Bedlam examines the history of institutionalized psychiatric treatment, going back to where the term "bedlam" originated (it comes from a London mental hospital that opened in the year 1403). 

In the 19th and 20th centuries in the U.S. an effort was made to build institutions across the country to treat the chronically mentally ill. "In the 1950s there were 558,000 patients in America's asylums," the documentary notes. 

But the treatment provided in those facilities was often appalling inhumane. President Kennedy advocated reform. In a speech excerpted in Bedlam, the president urges, "We have to offer something more than crowded custodial care in our state institutions. Our task is to prevent these conditions."

"It was so well intentioned. I mean, Kennedy did it for the best of reasons," Dr. Rosenberg observes. "I think that essentially  (de-institutionalization) is not a bad plan. It's not bad to treat people humanely and put them in the community and assimilate and integrate them... But having said all that I think [JFK's] plan was shortsighted... and naive... He had this great idea but he didn't have follow through. So it was just a matter of time until somebody said, 'No, we don't want to spend all our money on this.' So in that way it was shortsighted. It was naive because there are people who need longterm institutionalization."

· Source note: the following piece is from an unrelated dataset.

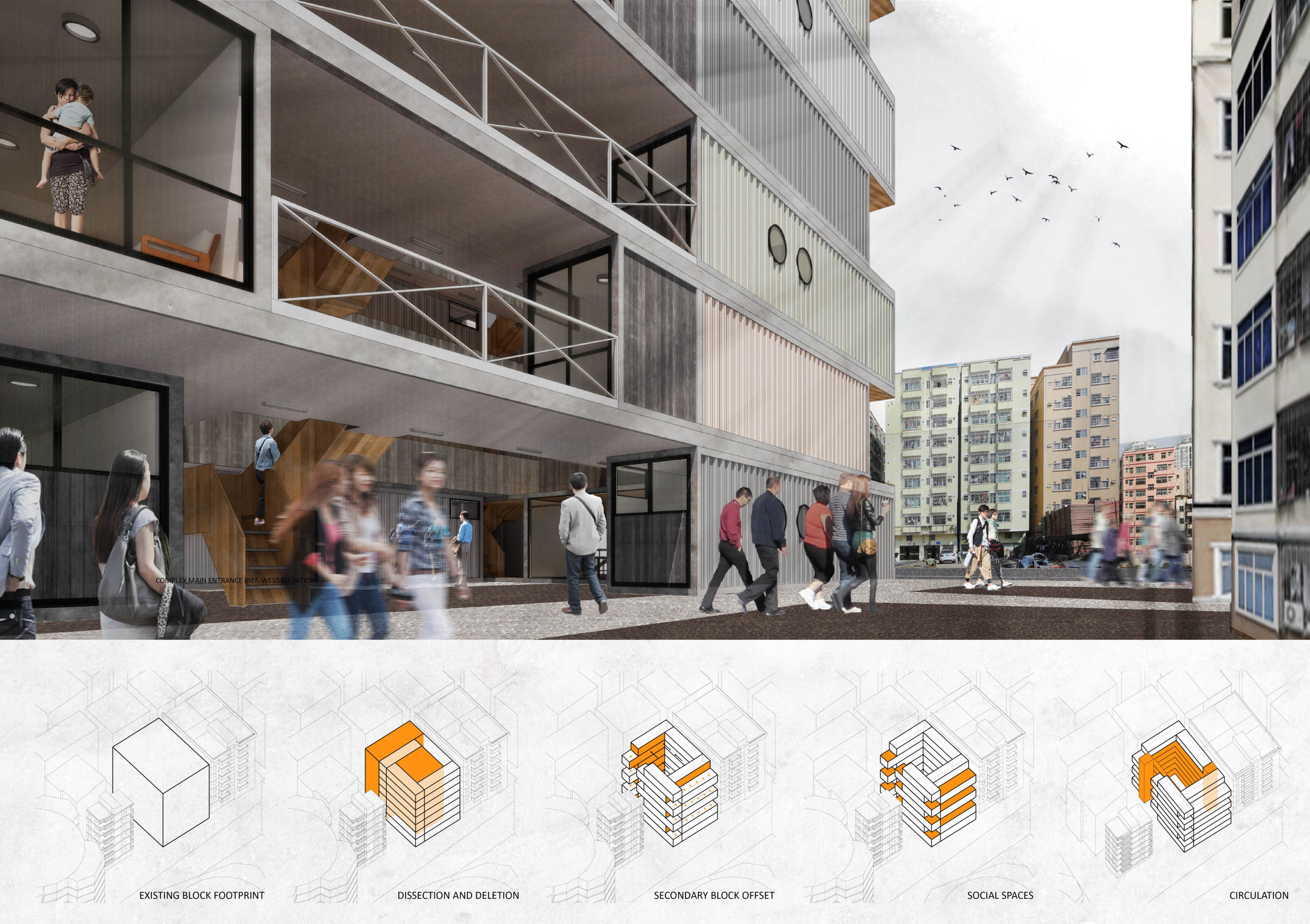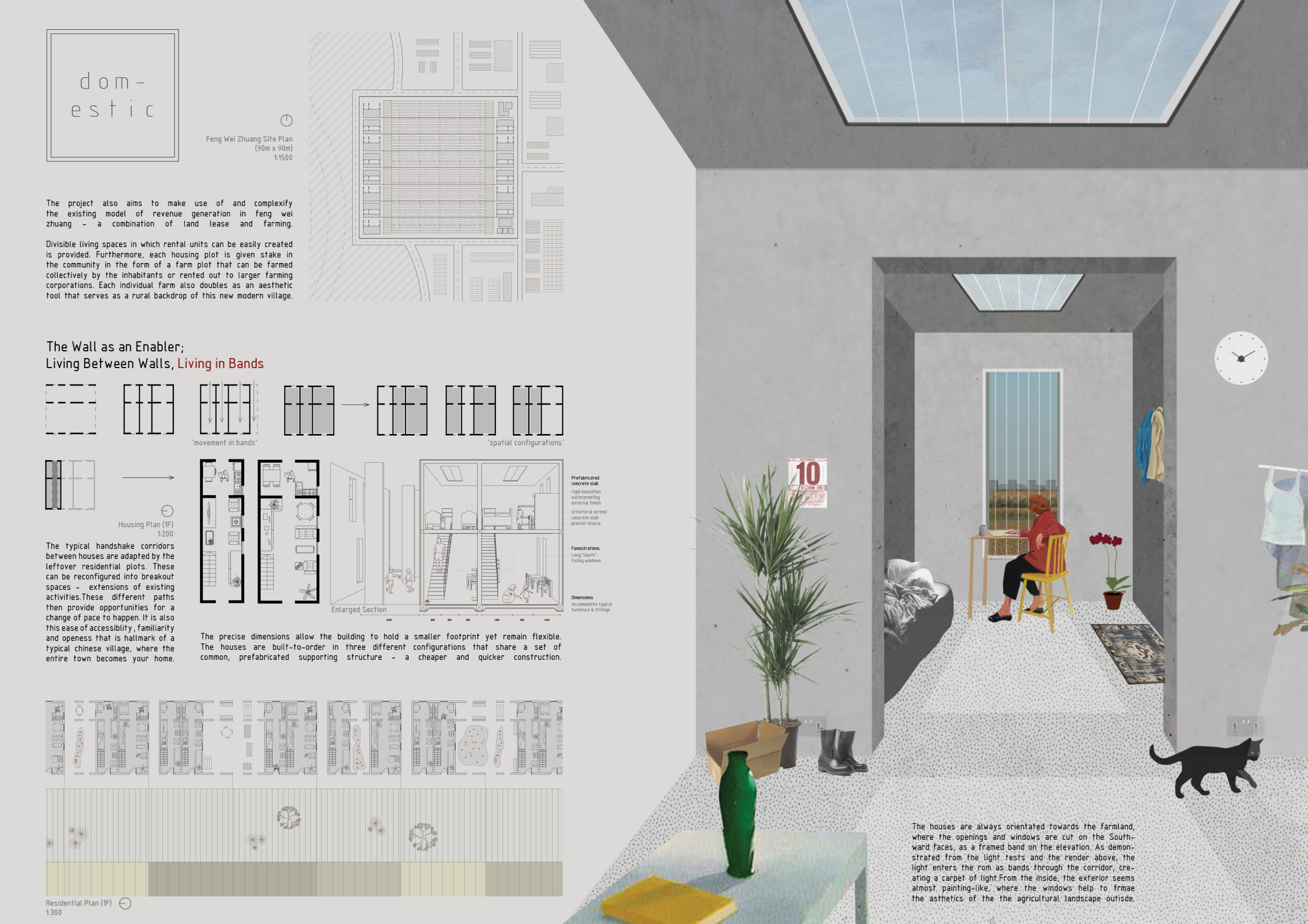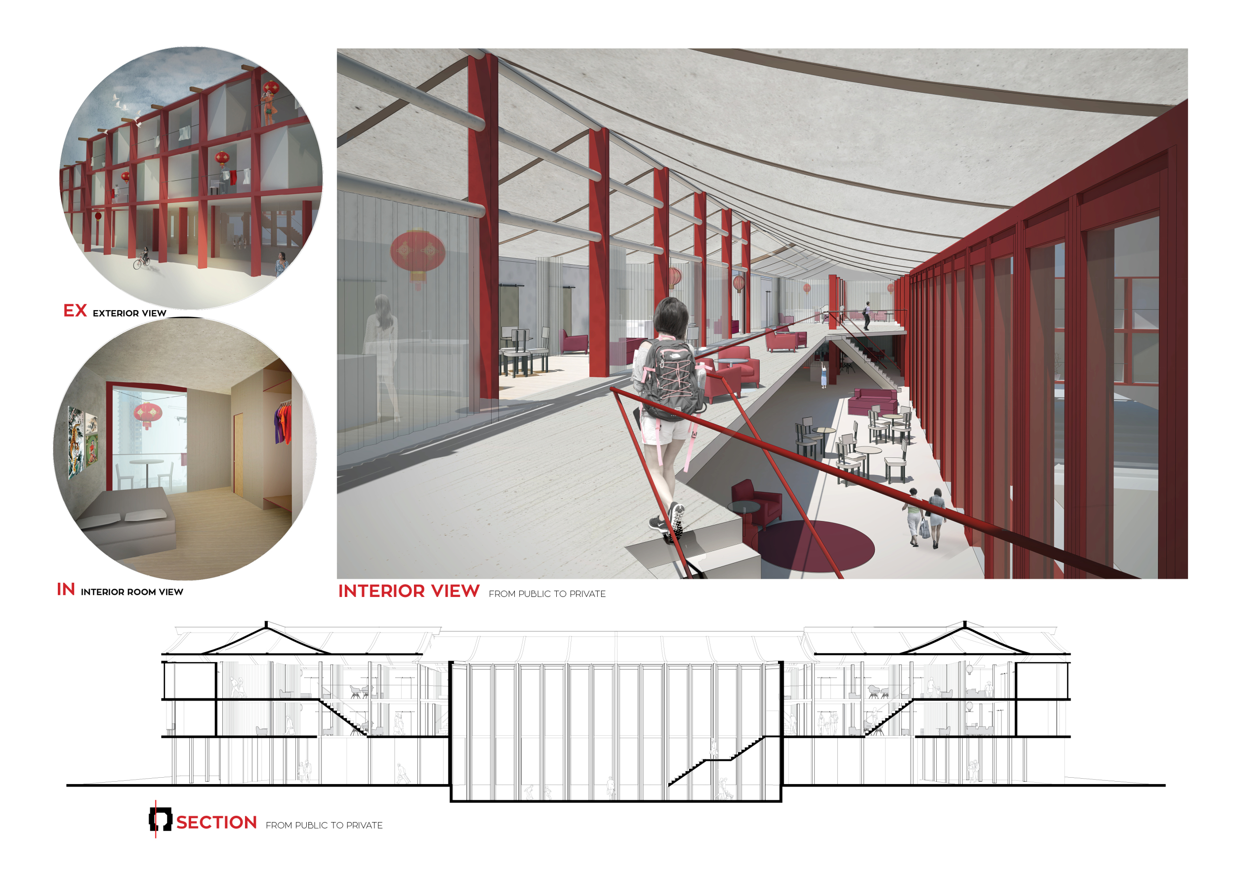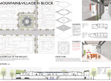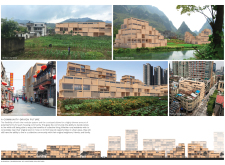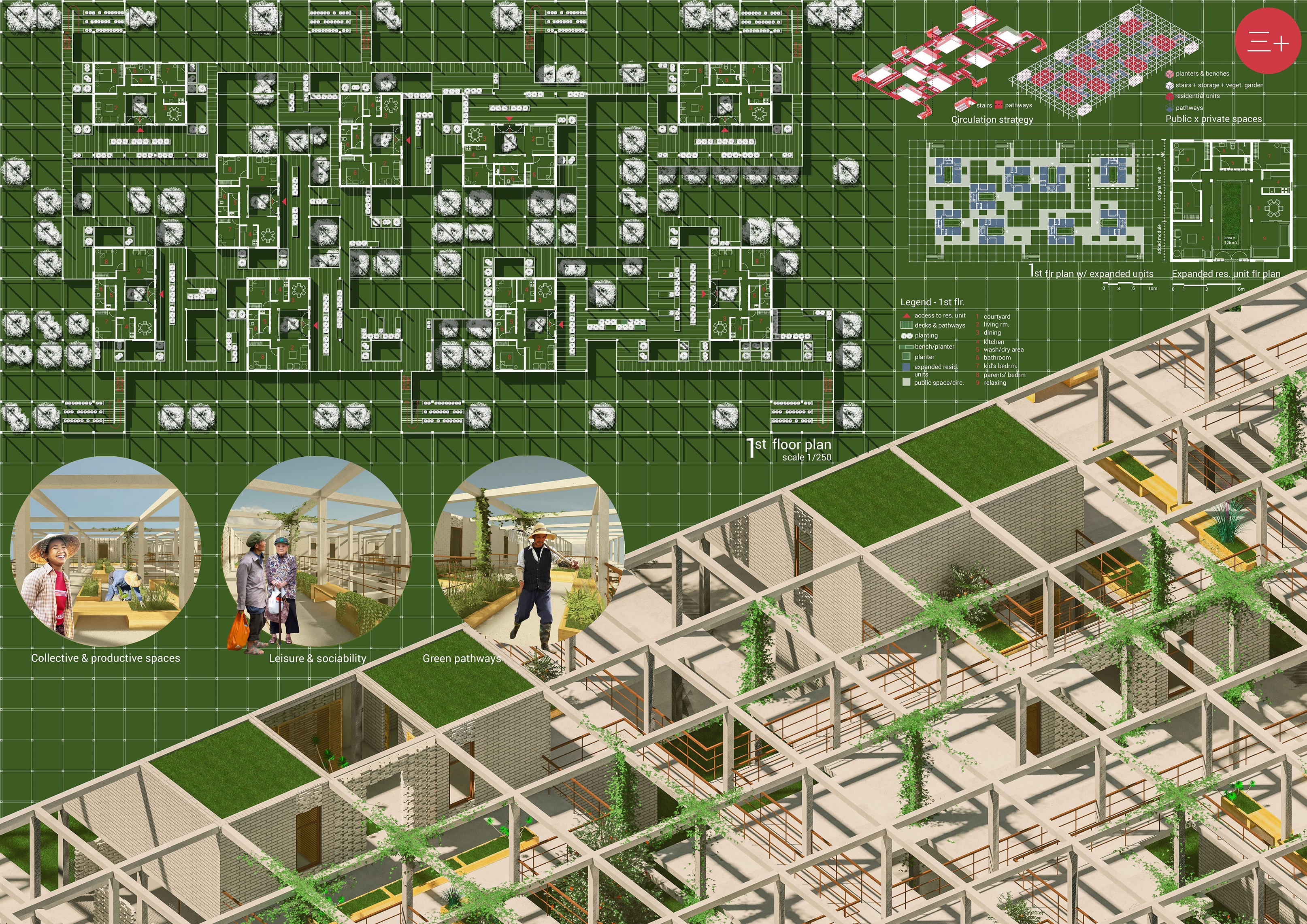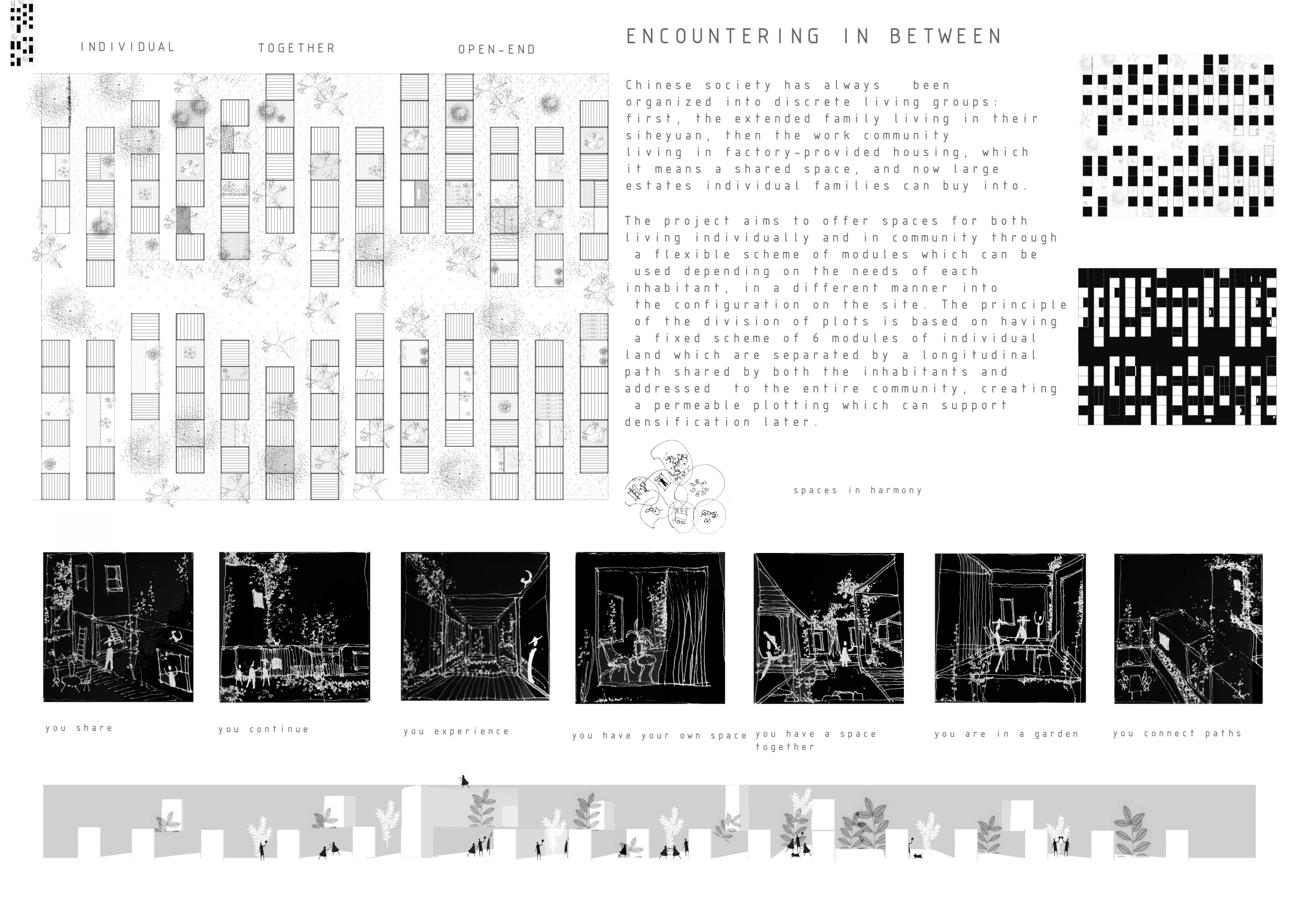 The One Grid, One Community project tackled the competition brief with a specific location in mind. Hypothetically-located in Chengdu, Sichuan Province, this lifted grid structure would be an adaptable housing project in a region in which villagers come from many different parts of the country. Read more The One Grid, One Community project uses levels to separate the private from the public, realising a rich spectrum, of public programs and spaces, as well as giving the community the freedom for customisation. It is set to the principles that everyone, regardless of their background, is able to participate and enjoy the closely-bonded community.

Please don't bring back the terrible asylums.

--Dr. Kenneth Rosenberg, director of Bedlam
Under President Reagan, de-institutionalization accelerated as the federal government and the states played hot potato with funding--neither side wishing to foot the bill for necessary treatment. As mental hospitals were shuttered, tens of thousands of seriously mentally ill people were dumped onto the streets. On any given night in Los Angeles, the film notes, 20,000 people with mental illness are homeless, doing their best to survive.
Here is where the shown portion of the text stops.